A divided Costa Mesa City Council approved a new contract with a municipal employees union Tuesday night, saying its terms will better enable the city to attract and retain workers.
The contract, OKd on a 3-2 vote, will provide higher pay for the 236 members of the Costa Mesa City Employees Assn. while lowering the amount they pay toward their pensions.
The union represents non-public-safety employees.
“Residents and the business community demand services because we all pay taxes and we all expect our taxes to pay for improvements to our roads, to pay for maintaining our parks, to pay for safety and security in our neighborhoods and homes and our businesses,” Mayor Katrina Foley said. “So this contract, to me, is fiscally conservative but functional. It addresses these retention, recruitment issues head-on.”
Council members Allan Mansoor and Jim Righeimer voted against the contract.
The deal will run through June 30, 2020. During that time, CMCEA members will receive steady pay increases — 2.5% in each of the first two years of the deal and 2.75% in the third and fourth years.
Currently, members pay about 17.04% of their salaries toward their pensions, but that number will decline to 12% by the third year of the new pact.
“We look forward to partnering with the council to begin the process of rebuilding the city workforce, remaking Costa Mesa into the highly regarded municipal employer it had historically been and providing superior services to the residents of Costa Mesa,” CMCEA President Robert Gonzalez said in a statement Wednesday.
Boosting pay and reducing retirement contributions will help the city offer more competitive compensation packages to attract talented employees and keep them around for the long haul, officials said.
Doing so has been a challenge in recent years.
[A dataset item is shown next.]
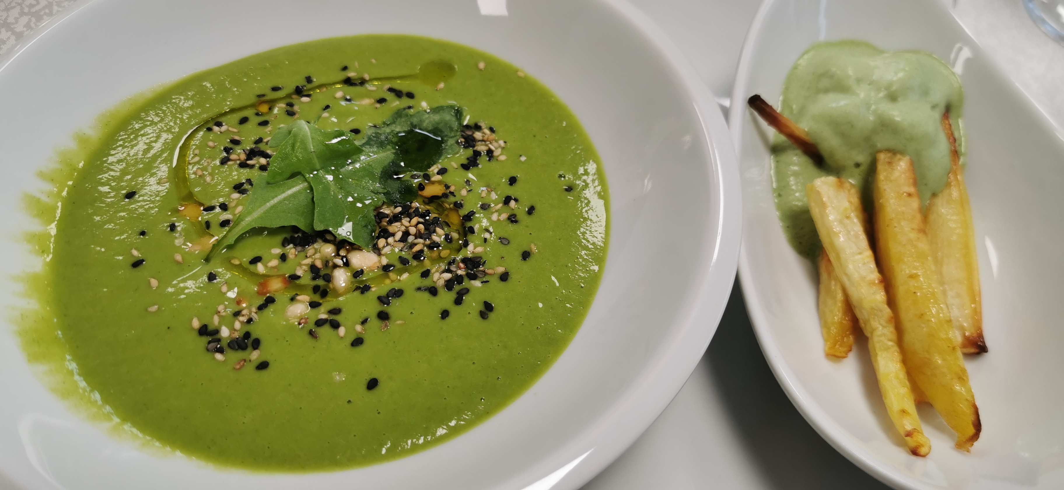 • Minziges Spinatsüppchen zu Gemüsepommes

As of Tuesday, the city had 90 vacant positions, according to Assistant City Manager Tammy Letourneau.
“Every few weeks, one of our employees goes to Irvine, goes to Newport, goes to Laguna — it’s ongoing,” Mayor Pro Tem Sandy Genis said.
Those departures, she added, “basically has to do with people having to take care of their families and not being able to do it with what Costa Mesa is offering.”
Mansoor and Righeimer, though, raised concerns about the financial impact — pegged at $5.65 million more over the life of the agreement than the previous CMCEA contract, which expired in June.
The additional spending is troubling, they said, given budget forecasts discussed Tuesday that show the city could face growing annual budget deficits ranging from less than $50,000 in fiscal 2017-18 to almost $8.3 million in 2021-22.
They also questioned how the new CMCEA contract could affect the city’s unfunded pension liability, which stood at about $246 million in 2015.
A city staff report said the contract is not expected to affect that figure, as the outlined salary bumps fall within California Public Employees’ Retirement System assumptions regarding payroll increases.
That did little to assure Mansoor, though.
“CalPERS has been wrong many times,” he said.
Righeimer pointed out that the new deal eliminates a provision in CMCEA’s previous contract that required union members to pay 60% of any increases in the city’s mandated contributions to CalPERS.
Striking that component and reducing employee contributions could add up to long-term problems, he said.
Councilman John Stephens, though, described such requirements as “a confiscatory contribution.”
Starting in 2018, the California Public Employees’ Pension Reform Act stipulates that cities can’t require non-public-safety employees to contribute more than 8% of their pay toward their pensions. CMCEA members have agreed to pitch in at a higher rate.
“In my opinion, we’re the best city in Orange County, we’re the best city in the state of California,” Stephens said. “We should not have a recruitment and retention problem in the city of Costa Mesa.”
Spending a surplus
Though the city could see budget deficits in future years, council members Tuesday voted on how to spend a nearly $10.7-million surplus left over from fiscal 2015-16.
On a 4-1 vote — with Mansoor opposed — council members opted to apply about $1.2 million of the surplus to meet the city’s goal of having $55 million in reserve.
An additional $500,000 will go toward reducing pension debt, while $1.9 million will be used for improvements at local police and fire stations; a new trail system along Arlington Drive that will filter urban runoff; and protection, restoration and master plan implementation efforts at Fairview Park.